Menopause is a transition period in a woman’s life when the levels of hormones such as estrogen decrease, which can cause a variety of symptoms. Hot flashes, night sweats, and vaginal dryness are the most common symptoms, with 45 million American women estimated to be dealing with them.
The North American Menopause Society (NAMS) recommends hormone therapy as the most effective treatment for these symptoms, as it can help improve quality of life, productivity, and overall health. Non-oral routes of administration may even offer an advantage, allowing women to take control of managing their menopausal symptoms.
About Daré Bioscience
Daré Bioscience is a pioneering biopharmaceutical company dedicated to improving women’s health. We strive to develop innovative treatments that prioritize women’s health, expand treatment options and enhance outcomes, particularly in the fields of contraception, vaginal health, reproductive health, menopause, sexual health and fertility.

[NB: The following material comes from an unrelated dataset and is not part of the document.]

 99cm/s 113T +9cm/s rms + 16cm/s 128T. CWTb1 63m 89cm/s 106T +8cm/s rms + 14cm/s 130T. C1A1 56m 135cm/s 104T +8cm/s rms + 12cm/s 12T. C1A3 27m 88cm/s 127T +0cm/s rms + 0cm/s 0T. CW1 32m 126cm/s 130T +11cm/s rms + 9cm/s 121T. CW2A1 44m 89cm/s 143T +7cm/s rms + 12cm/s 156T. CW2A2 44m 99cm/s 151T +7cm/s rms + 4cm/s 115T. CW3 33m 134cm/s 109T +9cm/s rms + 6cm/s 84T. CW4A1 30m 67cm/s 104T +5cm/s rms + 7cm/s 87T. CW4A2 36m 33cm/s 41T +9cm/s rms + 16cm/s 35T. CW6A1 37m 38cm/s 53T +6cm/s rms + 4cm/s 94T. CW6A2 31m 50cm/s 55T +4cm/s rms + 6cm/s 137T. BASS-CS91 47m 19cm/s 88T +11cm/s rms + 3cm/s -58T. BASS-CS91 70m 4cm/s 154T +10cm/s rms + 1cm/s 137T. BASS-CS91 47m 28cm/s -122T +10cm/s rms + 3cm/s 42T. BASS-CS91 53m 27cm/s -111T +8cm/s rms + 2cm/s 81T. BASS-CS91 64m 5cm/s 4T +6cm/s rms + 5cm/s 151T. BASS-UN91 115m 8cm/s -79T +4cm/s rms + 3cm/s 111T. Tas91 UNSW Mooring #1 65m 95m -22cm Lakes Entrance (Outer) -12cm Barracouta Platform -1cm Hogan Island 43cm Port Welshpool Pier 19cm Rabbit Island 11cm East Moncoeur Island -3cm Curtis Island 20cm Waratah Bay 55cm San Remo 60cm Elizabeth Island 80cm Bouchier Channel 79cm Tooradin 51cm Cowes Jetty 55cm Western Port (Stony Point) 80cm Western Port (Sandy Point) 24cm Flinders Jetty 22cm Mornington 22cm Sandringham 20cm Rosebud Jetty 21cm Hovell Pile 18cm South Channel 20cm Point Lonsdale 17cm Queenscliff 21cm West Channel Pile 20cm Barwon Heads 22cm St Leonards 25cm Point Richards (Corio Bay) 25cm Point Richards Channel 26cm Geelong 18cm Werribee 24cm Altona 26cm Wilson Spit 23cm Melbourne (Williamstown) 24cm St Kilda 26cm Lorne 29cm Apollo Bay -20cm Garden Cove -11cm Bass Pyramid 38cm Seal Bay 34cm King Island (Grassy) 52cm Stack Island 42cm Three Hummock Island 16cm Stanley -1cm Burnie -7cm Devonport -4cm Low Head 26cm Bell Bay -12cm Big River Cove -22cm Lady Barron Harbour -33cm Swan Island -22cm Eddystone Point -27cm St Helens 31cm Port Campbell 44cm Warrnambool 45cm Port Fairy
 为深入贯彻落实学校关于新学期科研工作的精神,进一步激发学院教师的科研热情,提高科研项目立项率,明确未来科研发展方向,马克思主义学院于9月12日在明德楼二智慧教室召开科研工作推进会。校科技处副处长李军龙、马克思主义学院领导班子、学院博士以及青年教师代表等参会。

Our goal is to provide women with the support they need to reach their highest potential.
Daré is a leading women’s health company dedicated to delivering innovative therapies to improve the lives of women. Its first FDA-approved product, XACIATO™ (clindamycin phosphate) vaginal gel, 2%, is a lincosamide antibacterial indicated for the treatment of bacterial vaginosis in female patients 12 years of age and older, and is under a global license agreement with Organon. XACIATO is a clear, colorless, viscous gel, administered intravaginally as a single dose.

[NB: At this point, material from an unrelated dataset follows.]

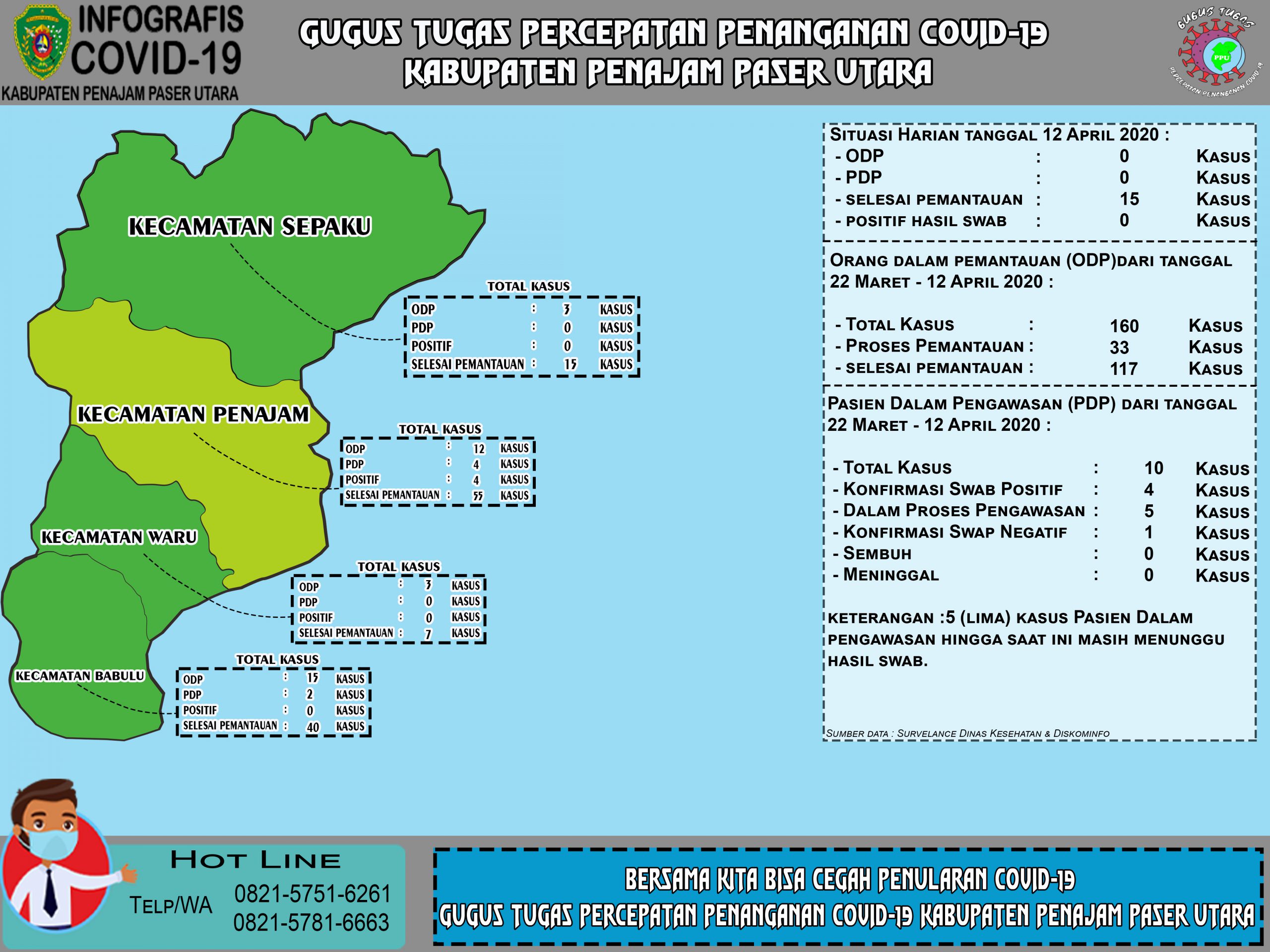 Pemerintah Kabupaten Penajam Paser Utara merilis perkembangan penanganan Corona Virus Disease (COVID-19) Wilayah Kabupaten Penajam Paser Utara per 12 April 2020.

Daré is also developing a number of potential first-in-category candidates including Ovaprene®, a novel, hormone-free monthly intravaginal contraceptive licensed with Bayer; Sildenafil Cream, 3.6%, a novel cream formulation of sildenafil to treat female sexual arousal disorder utilizing the active ingredient in Viagra®; and DARE-HRT1, a combination bio-identical estradiol and progesterone intravaginal ring for menopausal hormone therapy. With a mission to empower women’s health, Daré is revolutionizing the way women manage their health and wellness.